Bitkilerde baharla birlikte gözle görülemeyecek kadar küçük pencereler açılır. Kış boyunca kapalı olan pencereler bitkinin yapraklarında ve gövdesinde bulunur. Yapraktaki pencerelere stoma, gövdedekilere de lentisel adı verilir. Bir volkan bacasını andıran lentisellerin ağız kısmı kışın bir mantar dokuyla kapatıldığı halde ilkbaharda enzimlerin mantar dokuyu eritmesiyle bu pencereler tekrar açılır. Yapraktaki stoma adı verilen pencereler ise yaprakların teşekkülüyle birlikte çalışmaya başlarlar.

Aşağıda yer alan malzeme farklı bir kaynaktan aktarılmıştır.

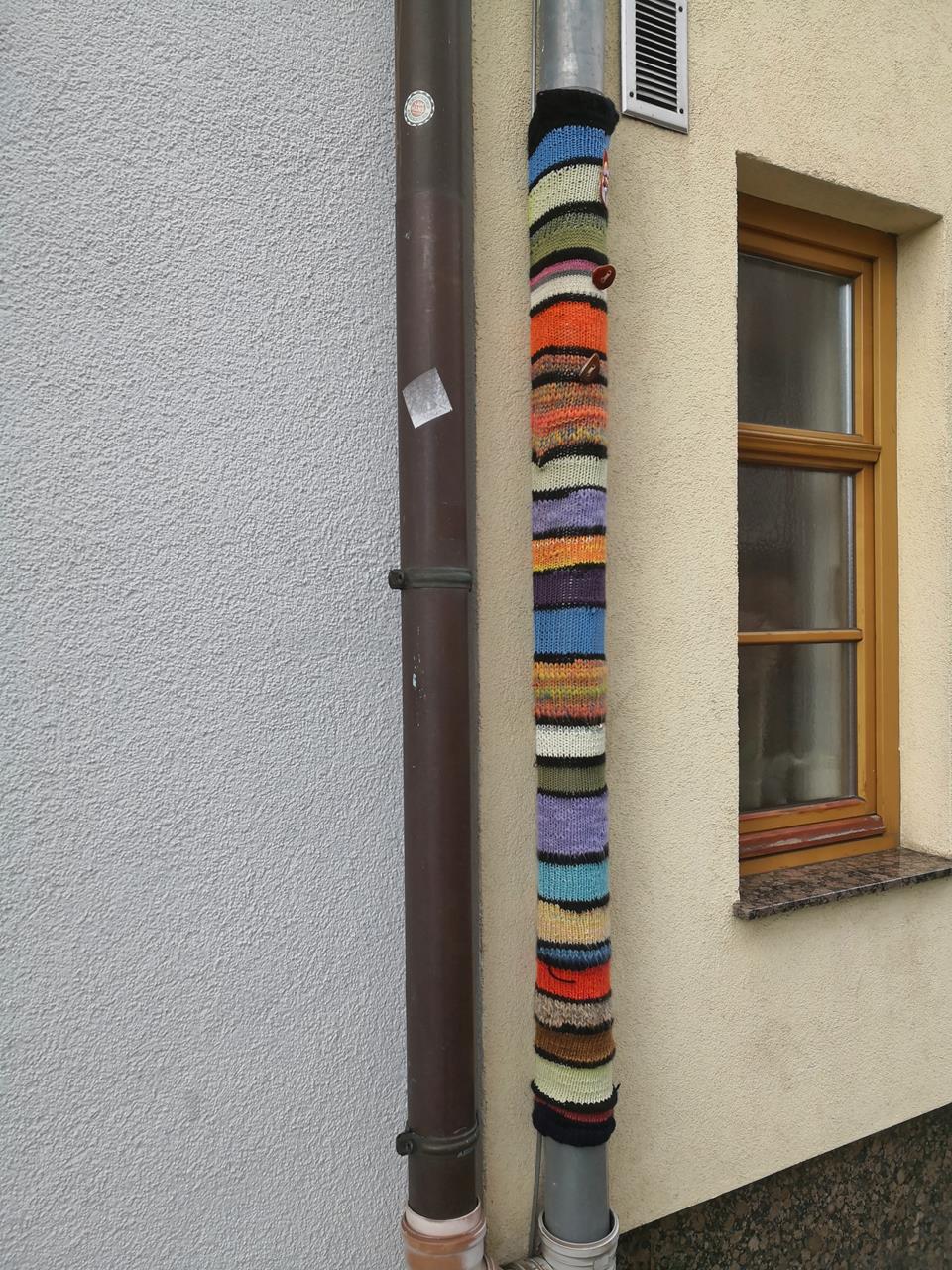 Tag 3Die Häkelguerilla ist überall – auch in Erfurt. Am Abend bin ich mit meiner Cousine in der Innenstadt unterwegs.
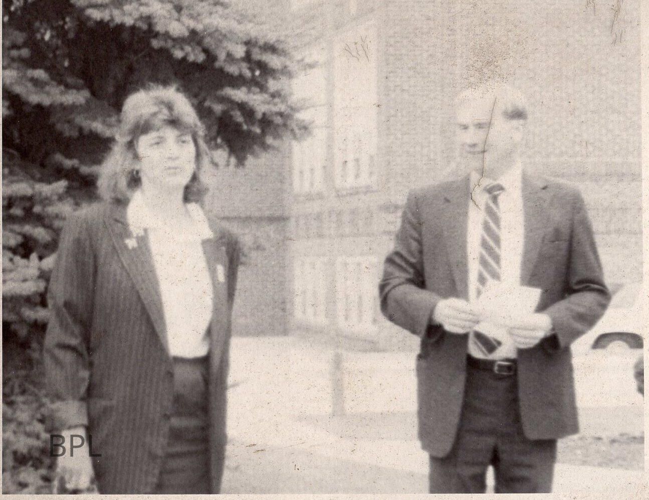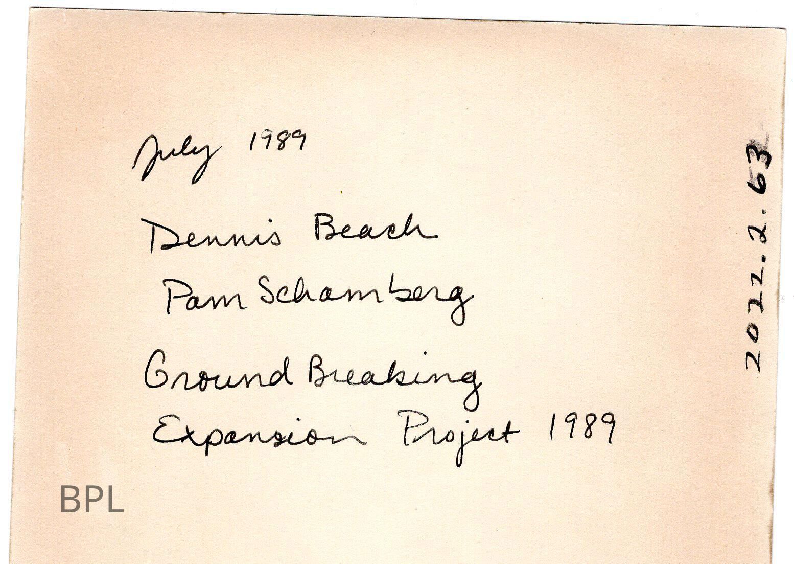 Bristol Public Library Photo with Dennis Beach, President of Library Trustees and Pam Schamberg, librarian at groundbreaking expansion project, July 1989
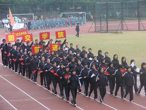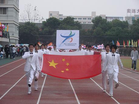 “争做示范”、“再接再厉”、“扬奥运精神”、“为校运争光”,在国旗、校旗、会徽、鲜花队、彩球队、彩旗队的引导下,裁判员、学生、教工运动员高喊洪亮的口号,迈着整齐而又矫健的步伐,从东区入场,伴随雄壮激昂的《运动员进行曲》向主席台前走过,展现出了浙江工商职院人蓬勃向上的精神面貌。入场式结束后,在庄严的《国歌》声中举行了升旗仪式,五星红旗冉冉升起,全场一齐向国旗行注目礼。
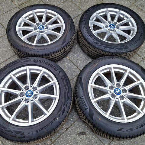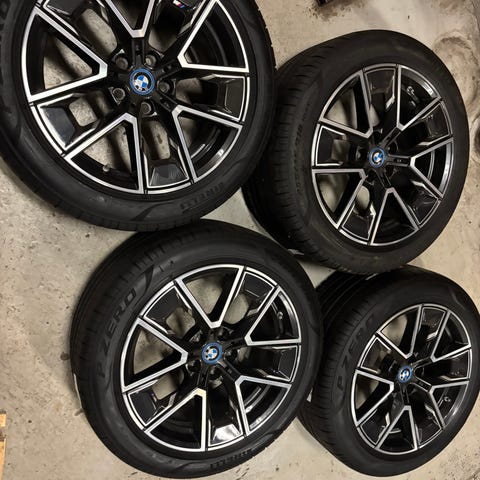 Komplet 20” gmp hjulsæt til bmw i4 med bmw nav kapsler. Passer også på 3-serie og 4-serie. Smal og bred dæk kombination hjulsæt er fra 2025 altså nye og kørt under 1000km. Monteret med Michelin dæk. Vi sælger dem da det lykkedes at give dem en “ubetydelig” rids inden der kom vinterhjul på og vi har besluttet der skal nogle 17/18” på istedet.
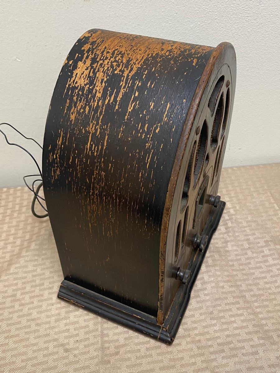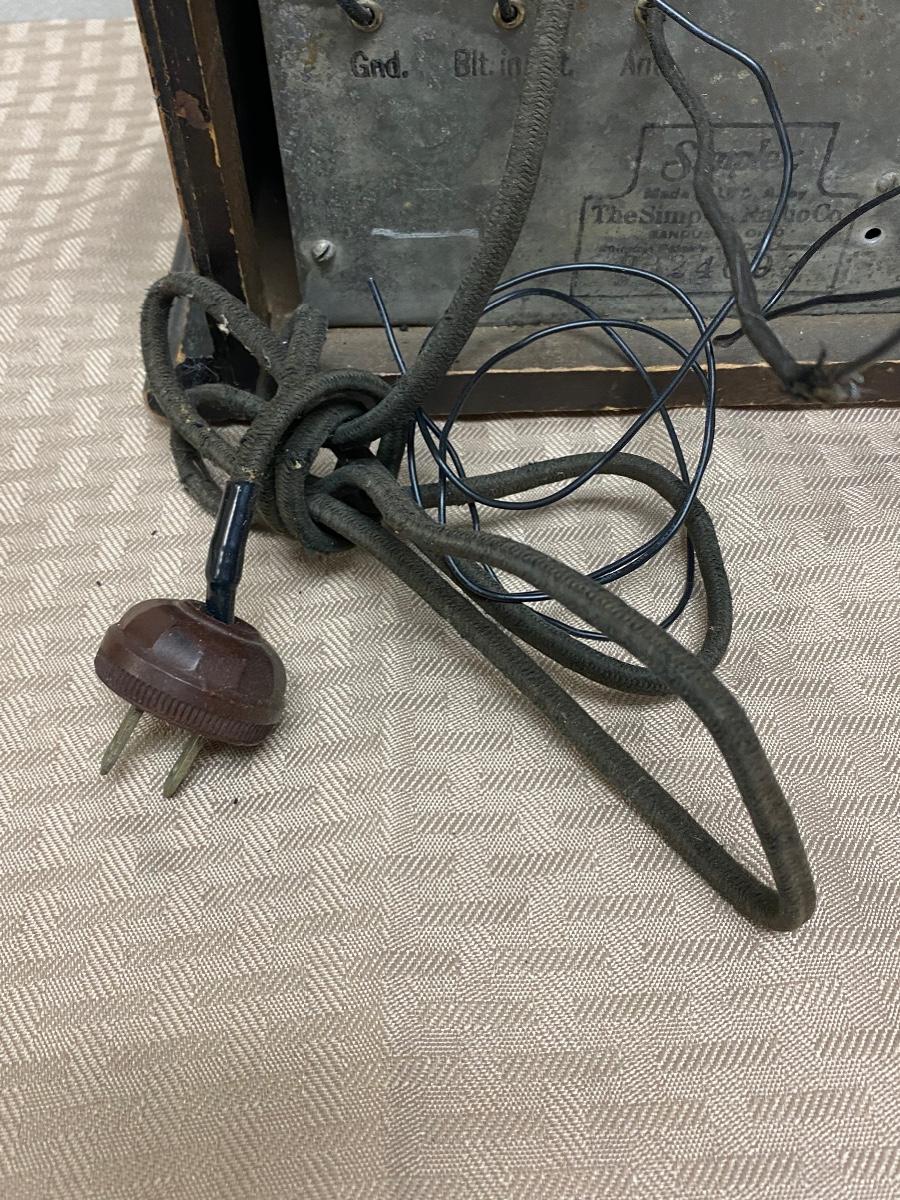 Vintage Simplex Radio Co tube radio. Cathedral style table radio. Untested, has an old style knob, but does seem to have maybe an antenna wire attached so it may work. Wood has signs of age and wear. Displays nicely. About 12" tall.

Bu pencereler gündüz açılıp gece kapanan ve normal havada açık olduğu halde fırtınalı havalarda kapanan otomatik pencerelerdir. Henüz insanoğlunun yapamadığı ve çevre şartlarına göre açılıp kapanabilen bu pencerelerden bitki teneffüs eder ve fotosentezde ihtiyacı olan karbondioksit gazını alarak havaya oksijen verir. Böylece havayı temizler. Bahara hazırlık olayı evrende genel bir kanun şeklinde tezahür ediyor. Bu kanunun bir ucu insanlarda ve hayvanlarda görüldüğü gibi diğer bir ucu da geniş çapta bitkilerde görülür. Bu genellik bütün kâinatta hükmeden kudreti sonsuz bir zâta işaret ettiği gibi, bu zât, her sene, yazı kışa kışı bahara çevirerek nihayetsiz rahmet hazinelerini ağaçların elleriyle biz muhtaçlara uzatıyor. Acaba bütün bunlar için tefekkür ve teşekkürle mukabele edebiliyor muyuz?